Give again, word for word, each line below starting at the one that contains "- Image 2 - Marriage" and ending at the one that contains "Paling best, kami".

Data supplied:
_ _ _

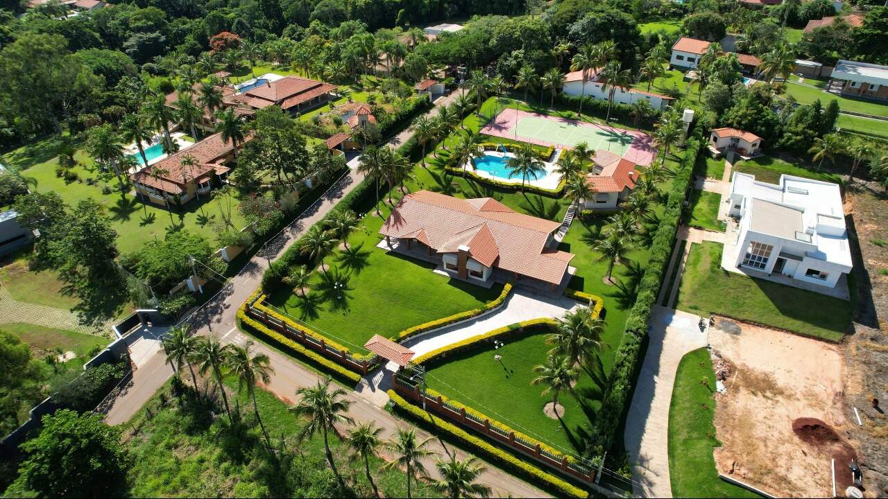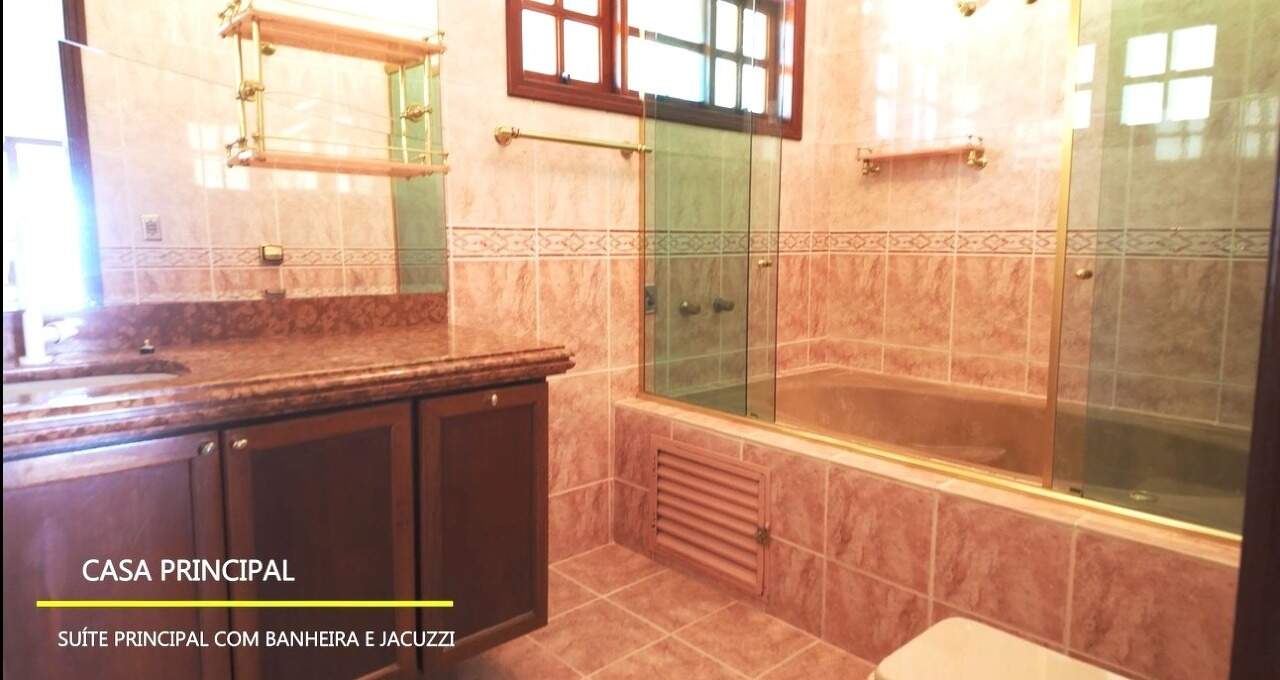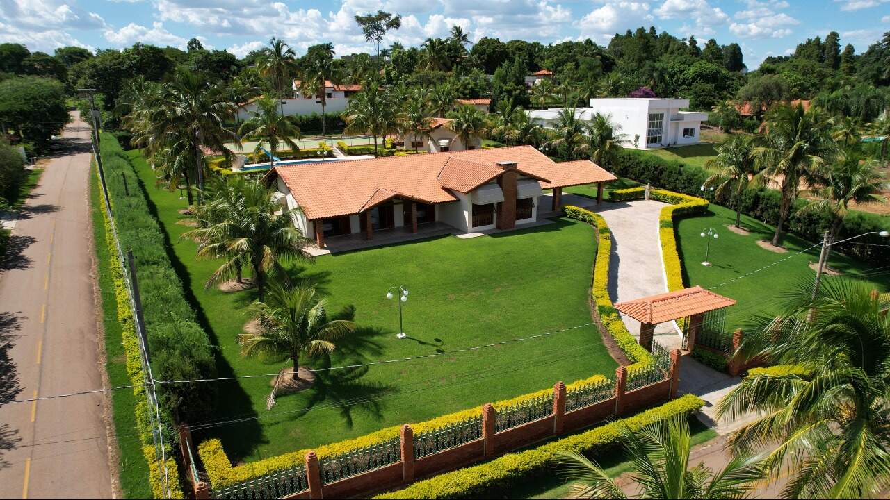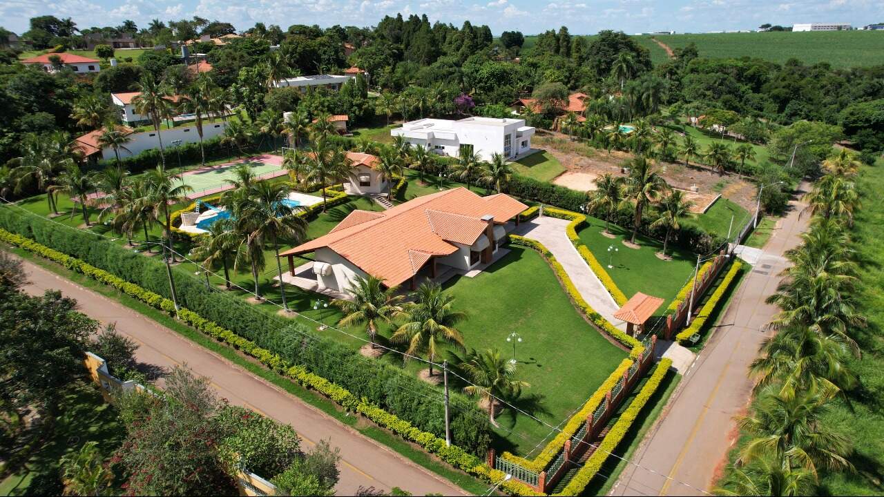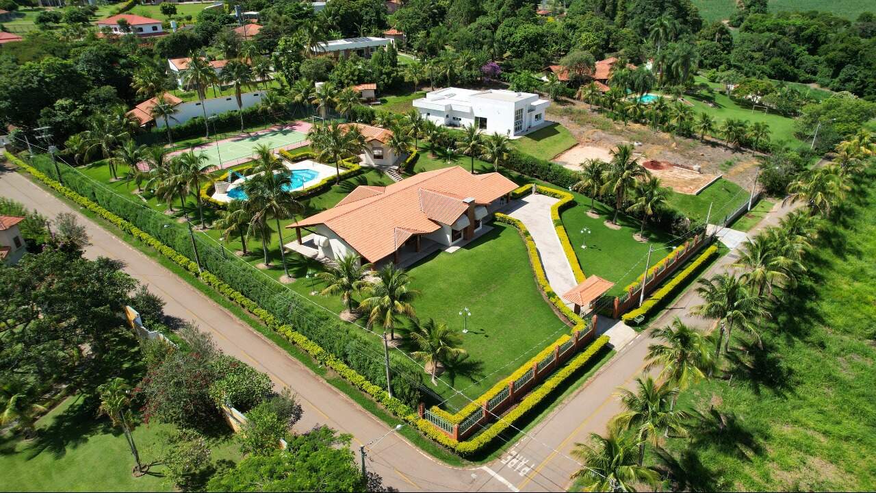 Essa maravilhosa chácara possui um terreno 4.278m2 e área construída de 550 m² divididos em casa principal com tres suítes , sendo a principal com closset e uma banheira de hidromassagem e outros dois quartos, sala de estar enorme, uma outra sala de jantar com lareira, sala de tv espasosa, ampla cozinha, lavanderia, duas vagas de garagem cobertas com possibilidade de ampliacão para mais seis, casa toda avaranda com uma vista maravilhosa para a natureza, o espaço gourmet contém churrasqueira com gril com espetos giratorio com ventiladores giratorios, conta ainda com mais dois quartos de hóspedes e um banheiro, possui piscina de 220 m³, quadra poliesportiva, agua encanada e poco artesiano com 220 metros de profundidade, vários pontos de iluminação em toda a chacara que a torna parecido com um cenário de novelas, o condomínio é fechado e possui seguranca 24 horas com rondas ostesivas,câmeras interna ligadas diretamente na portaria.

_ _ _

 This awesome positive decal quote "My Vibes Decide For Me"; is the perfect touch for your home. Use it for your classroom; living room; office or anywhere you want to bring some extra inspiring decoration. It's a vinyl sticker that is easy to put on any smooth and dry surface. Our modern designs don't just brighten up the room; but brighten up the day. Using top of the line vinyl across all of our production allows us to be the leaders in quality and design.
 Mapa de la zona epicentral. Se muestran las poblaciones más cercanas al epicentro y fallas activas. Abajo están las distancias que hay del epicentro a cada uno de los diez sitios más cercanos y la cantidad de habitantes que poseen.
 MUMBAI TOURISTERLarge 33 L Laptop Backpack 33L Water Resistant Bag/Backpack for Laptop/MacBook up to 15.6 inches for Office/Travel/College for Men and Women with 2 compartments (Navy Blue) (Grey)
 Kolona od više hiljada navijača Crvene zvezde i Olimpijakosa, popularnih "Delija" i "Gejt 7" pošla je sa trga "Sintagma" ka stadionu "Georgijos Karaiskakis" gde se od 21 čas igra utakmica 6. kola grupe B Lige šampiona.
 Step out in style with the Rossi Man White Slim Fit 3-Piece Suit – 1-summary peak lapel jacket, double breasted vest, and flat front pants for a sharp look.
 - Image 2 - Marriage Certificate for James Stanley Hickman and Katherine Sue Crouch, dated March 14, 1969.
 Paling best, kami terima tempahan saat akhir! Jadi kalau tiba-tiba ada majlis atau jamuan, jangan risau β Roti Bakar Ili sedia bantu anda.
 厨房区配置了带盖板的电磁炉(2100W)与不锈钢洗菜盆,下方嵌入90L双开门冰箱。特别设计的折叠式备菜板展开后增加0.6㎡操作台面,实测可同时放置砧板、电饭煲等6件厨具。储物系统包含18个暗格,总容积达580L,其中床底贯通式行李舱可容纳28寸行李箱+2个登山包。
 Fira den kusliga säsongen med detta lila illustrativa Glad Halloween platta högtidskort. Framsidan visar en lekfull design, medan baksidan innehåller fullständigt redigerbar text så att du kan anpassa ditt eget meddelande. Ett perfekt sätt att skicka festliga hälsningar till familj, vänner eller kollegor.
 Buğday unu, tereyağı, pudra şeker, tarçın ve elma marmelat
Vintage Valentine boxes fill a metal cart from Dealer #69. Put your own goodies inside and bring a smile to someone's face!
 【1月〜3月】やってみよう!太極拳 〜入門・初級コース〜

_ _ _

Answer area:
 - Image 2 - Marriage Certificate for James Stanley Hickman and Katherine Sue Crouch, dated March 14, 1969.
 Paling best, kami terima tempahan saat akhir! Jadi kalau tiba-tiba ada majlis atau jamuan, jangan risau β Roti Bakar Ili sedia bantu anda.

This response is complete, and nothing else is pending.